§ Aim of the exercise
Your answer must consist of the records exactly as given, with no pictures included.

Dataset records:
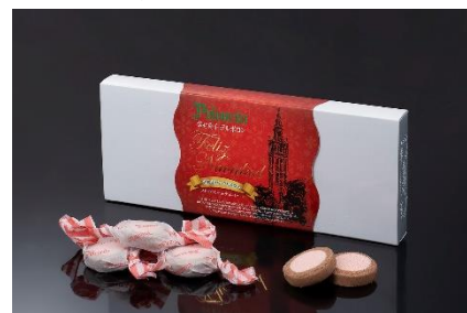
「クリスマスオリジナル ポルポロン」8個入り 800円
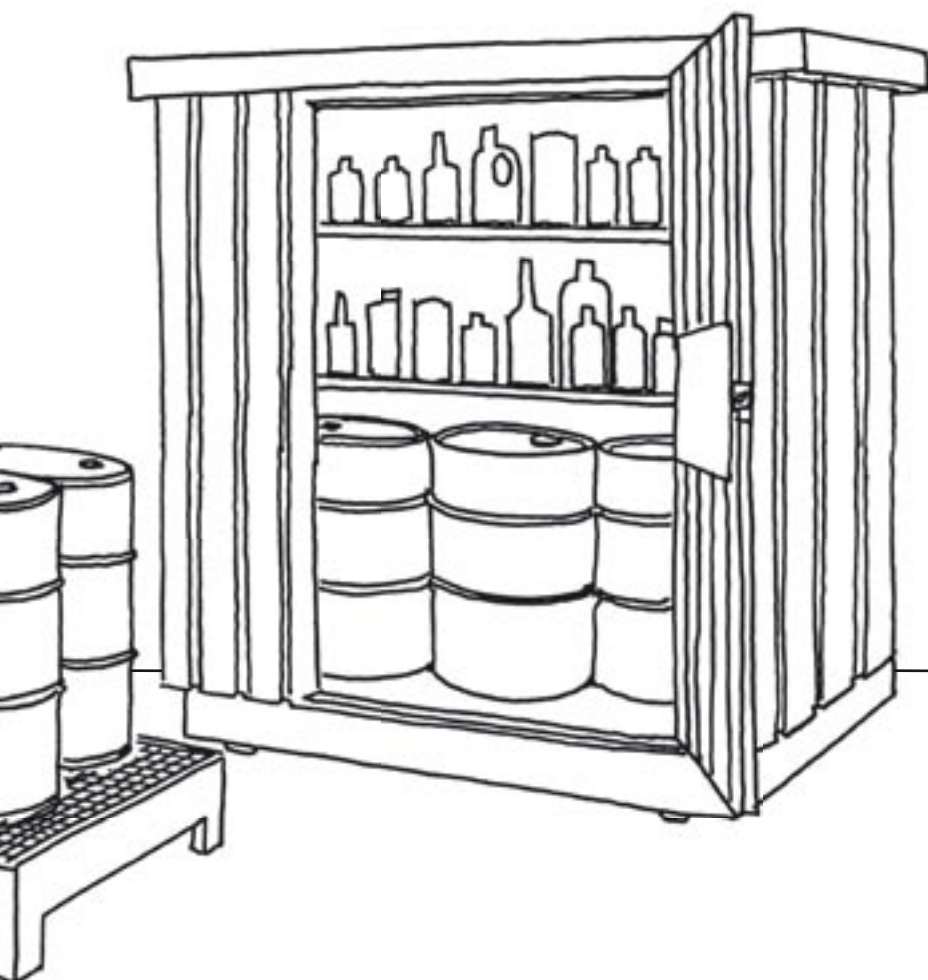
Stativ med spildbakke til tromler Spildbakke til tromler Aflåseligt skab

Ved akut fare for forurening, ved spild på jord eller udledning til kloak, skal alarmcentralen kontaktes på telefon 112. Den der forårsager forureningen er ansvarlig for, at anmelde forureningen til Miljøafdelingen i Teknisk Forvaltning.
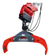
Kliešte na drevo
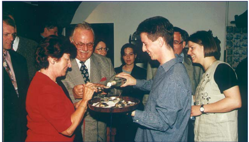
Der traditionelle Löffeltrunk zur Begrüßung im Mittelsbürener Bauernhaus

Die BVL lädt anlässlich des Jubiläums „20 Jahre BVL“ zum Abendempfang in das Mittelsbürener Bauernhaus des Focke-Museums ein zu köstlichem Buffet und Musik von den „New Orleans Feetwarmers“ im Altbremer Ambiente. Eine Führung durch die neue Ausstellung „Bremische Geschichte“ ergänzt das Treffen der „Logistics Family“ der BVL.

§ Result of this task
「クリスマスオリジナル ポルポロン」8個入り 800円
Stativ med spildbakke til tromler Spildbakke til tromler Aflåseligt skab

Ved akut fare for forurening, ved spild på jord eller udledning til kloak, skal alarmcentralen kontaktes på telefon 112. Den der forårsager forureningen er ansvarlig for, at anmelde forureningen til Miljøafdelingen i Teknisk Forvaltning.
Kliešte na drevo
Der traditionelle Löffeltrunk zur Begrüßung im Mittelsbürener Bauernhaus

Die BVL lädt anlässlich des Jubiläums „20 Jahre BVL“ zum Abendempfang in das Mittelsbürener Bauernhaus des Focke-Museums ein zu köstlichem Buffet und Musik von den „New Orleans Feetwarmers“ im Altbremer Ambiente. Eine Führung durch die neue Ausstellung „Bremische Geschichte“ ergänzt das Treffen der „Logistics Family“ der BVL.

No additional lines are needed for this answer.